Biochar has the characteristics of good stability, high porosity, and large surface area. There are very different research results on the effect of biochar on CH4 emissions in paddy fields, as follows: (1) incorporating biochar into paddy fields reduced the CH4 emissions in the rice growth cycle; (2) adding biochar had no effect on CH4 emissions (Xie et al. 2013); and (3) adding biochar increased CH4 emissions in paddy fields (Zhang et al. 2012). However, biochar as the anode of MFCs seems to reduce CH4 emissions from rice paddies. Studies have shown that the CH4 emissions of biochar anodes are 39% lower than those of carbon felt anodes (Khudzari et al. 2019).
Microbial fuel cells for environmental monitoring
In recent years, with the gradual development of MFCs in chemistry, electrochemistry, and microorganisms, they have been widely used in the field of environmental monitoring. MFCs are used as energy supply devices to provide the required power for remote sensors, and are also used as self-powered biosensors to detect environmental pollutants (Huang et al. 2011).

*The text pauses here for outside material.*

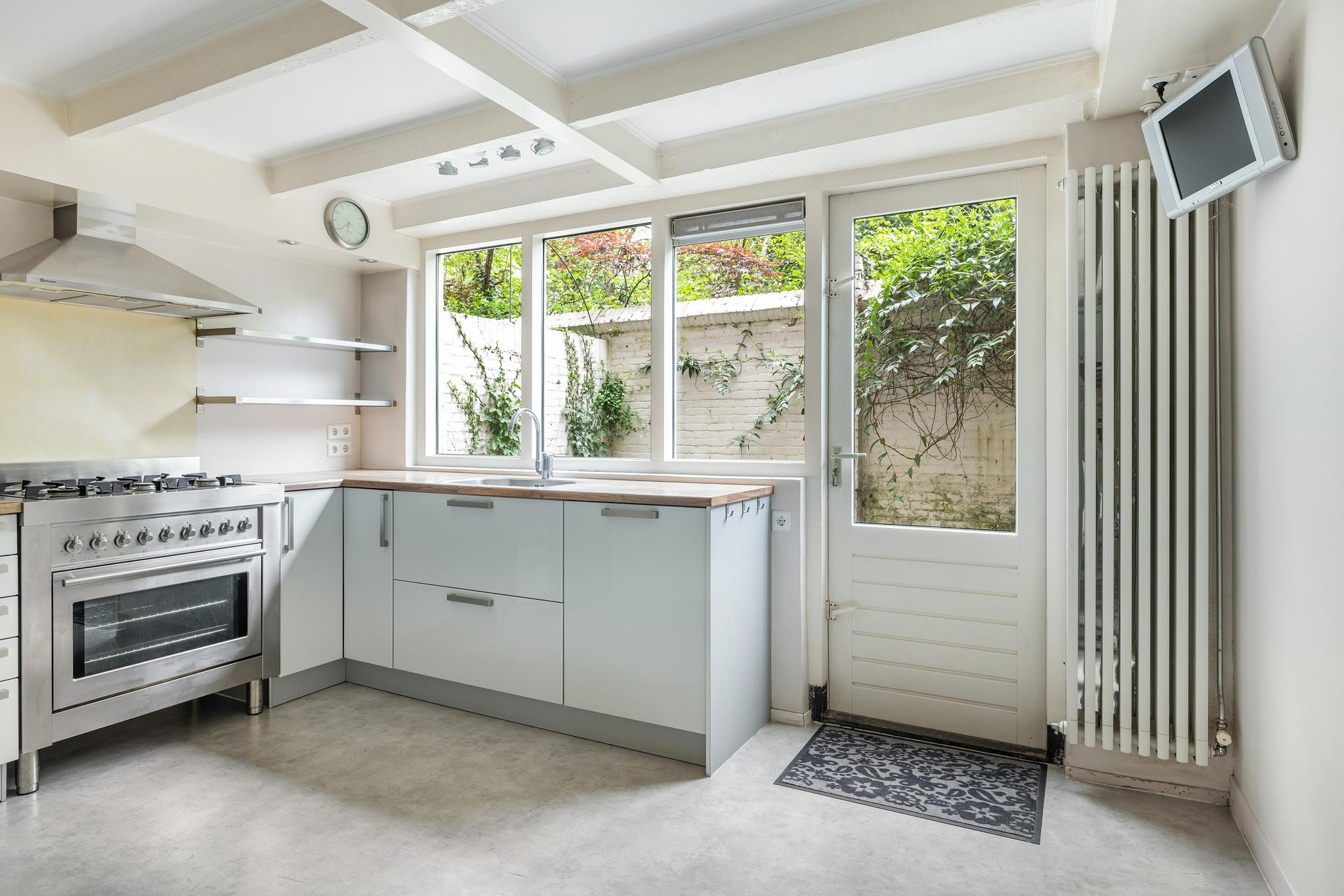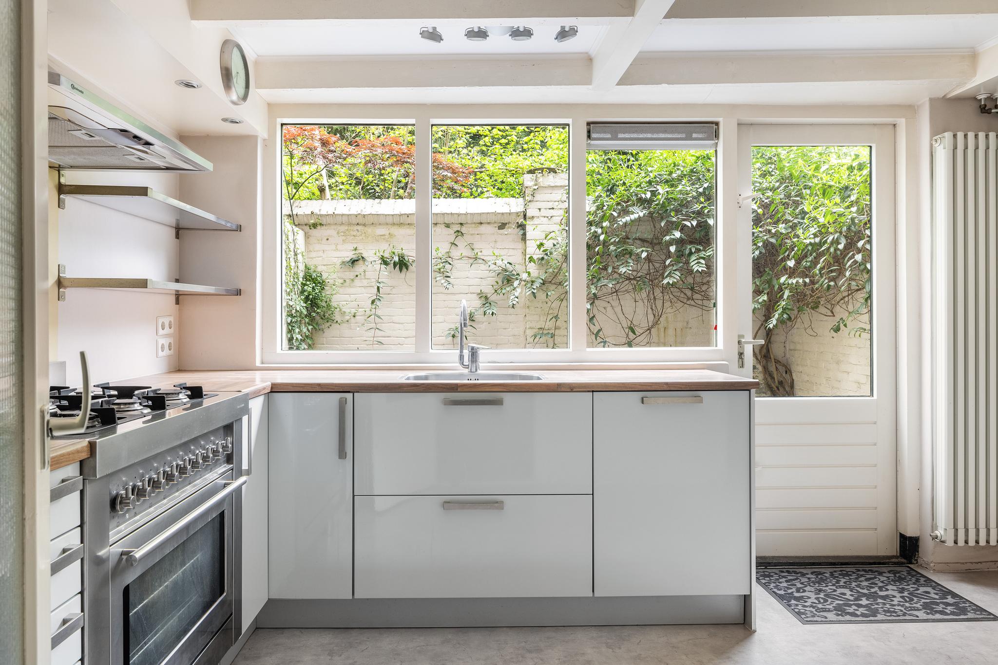 Op een paar treden vanaf straatniveau bevindt zich de ruime woonkamer met een gezellige ruimte aan de voorzijde, ideaal als eetruimte of ruime werkplek. Op deze verdieping springen direct de hoge plafonds in het oog, waardoor het licht er prachtig naar binnen schijnt. Een verdieping lager vind je de keuken, met aangrenzend een kleine, groene binnentuin; een heerlijk rustige buitenruimte midden in de stad.

Because of the sustainability of power generation, MFCs are used as a long-term alternative power supply for remote monitoring sensors in remote areas. As a power supply for sensors, MFCs need sufficient power output and stable potential. The use of supercapacitors and DC/DC converters contribute to solve these two problems (Donovan et al. 2011). Through a power management system, MFCs operate sensors and integrate a telemetry system to transmit remote signals wirelessly (Kim et al. 2007). Under natural conditions, there are several factors that affect the power and potential output of MFCs, such as temperature, acidity/basicity (Raghavulu et al. 2009), the presence of toxic substances and inhibitors. With the increase in temperature, the resistivity of the solution decreases and microbial metabolism and membrane permeability are enhanced, which improves the power output of MFCs. However, some microorganisms achieve optimal performance at low temperatures, which contributes to the application of MFC-driven sensors in cold regions (Vazquez-Larios et al. 2010). The acidity/alkalinity affects the activity of microorganisms. Most MFCs operate best under neutral conditions (Oliveira et al. 2013).
When MFCs are used as self-powered sensors for in situ online environmental monitoring, they can monitor a variety of pollutants, including BOD, heavy metals (Hg, Pb, Cr), bentazon, formaldehyde, DO, and p-nitrophenol (Table 3). MFCs use electroactive microorganisms as probes, and the existence or change in the target analyte level affects the electron transfer process of microorganisms, thereby generating electrical signals. By focusing on the changes in battery output under different environmental conditions, the purpose of pollutant monitoring can be achieved (Abrevaya et al. 2015). MFC sensors provide a potential alternative method for monitoring pollutants, but also face several challenges. These include limited selectivity, low recognition limit, and high potential contamination of other strains. Further research is required to determine how to eliminate the above challenges and improve the application ability of MFC-based biosensors (ElMekawy et al. 2018).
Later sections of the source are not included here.